Cet animal “intelligent au comportement flexible” est capable de “porter une attention particulière aux comportements humains et de les reproduire dans ses propres choix de nourriture”, explique au Guardian la biologiste Franziska Feist, première autrice de l’étude, menée par des chercheurs de l’université du Sussex. Les scientifiques avaient déjà remarqué l’attrait particulier, pour cet oiseau marin, de la nourriture touchée par l’humain, mais la capacité du goéland à s’inspirer de ses observations d’humains en train de grignoter n’avait pas encore été démontrée.

Goélands copieurs

La biologiste autrichienne et ses collègues ont placé deux types de chips (paquet bleu ou paquet vert) à quelques mètres d’eux. Tant que les expérimentateurs restaient à proximité sans rien faire, très peu de goélands s’intéressaient aux chips. En revanche, dès que les chercheurs se sont mis à manger des chips, “48 % des oiseaux se sont approchés pour jeter un coup d’œil sur les paquets. Dans près de 40 % des cas, les goélands ont picoré les paquets de chips et, dans 95 % des cas, ils se sont dirigés vers le paquet de la même couleur que celui que les scientifiques étaient en train de manger”, explique The Guardian. Les panneaux demandant de ne pas nourrir les oiseaux pourraient être agrémentés d’un “et ne les laissez pas non plus vous regarder manger”, ajoute Franziska Feist.
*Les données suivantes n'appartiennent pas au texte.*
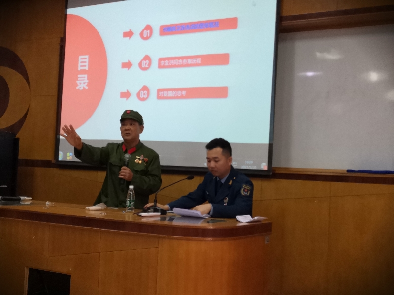 李金洪與陳偉樂兩代退役軍人同臺講述崢嶸歲月。 由于身體不適,李金洪無法長時間親述那段崢嶸歲月,但是這位老兵又是那么熱心地想讓更多后輩知道祖國的不容易,人民當今幸福生活的來之不易,毅然接受邀請,克服身體不適,再次走上講臺,結合親身經(jīng)歷給在場師生講述1979年那段崢嶸歲月。李金洪表示,軍人的使命是保衛(wèi)祖國,抵抗侵略,“如果再給我選擇的機會,我還是義無反顧上戰(zhàn)場,我們有偉大的共產(chǎn)黨、有偉大的制度、有偉大的祖國和人民,我們應該為自己是一名中國人和生活在祖國的大地上感到驕傲和自豪”。 此次宣講活動中,李金洪多了一個戰(zhàn)友,他叫陳偉樂,是駐香港部隊的退役軍人,也是神灣鎮(zhèn)退役軍人服務中心的工作人員,李金洪和陳偉樂雖然是不同時代的退役軍人,但是有著同一個方向,就是對黨、祖國和人民無限的愛。李金洪身體不適,陳偉樂就來充當他的“傳聲筒”,將一段段難忘經(jīng)歷分享給廣大師生們。

“L’étude montre que nous n’attirons pas seulement l’attention des goélands sur l’endroit où se trouve la nourriture, mais qu’ils apprennent également quel type de nourriture nous mangeons. Cela pourrait influer sur la manière de réduire les interactions négatives entre les humains et les goélands, car il semble que nous leur apprenions involontairement à apprécier de nouveaux aliments”, s’inquiète dans les colonnes du Guardian Madeleine Goumas, experte des goélands argentés à l’université d’Exeter, au Royaume-Uni.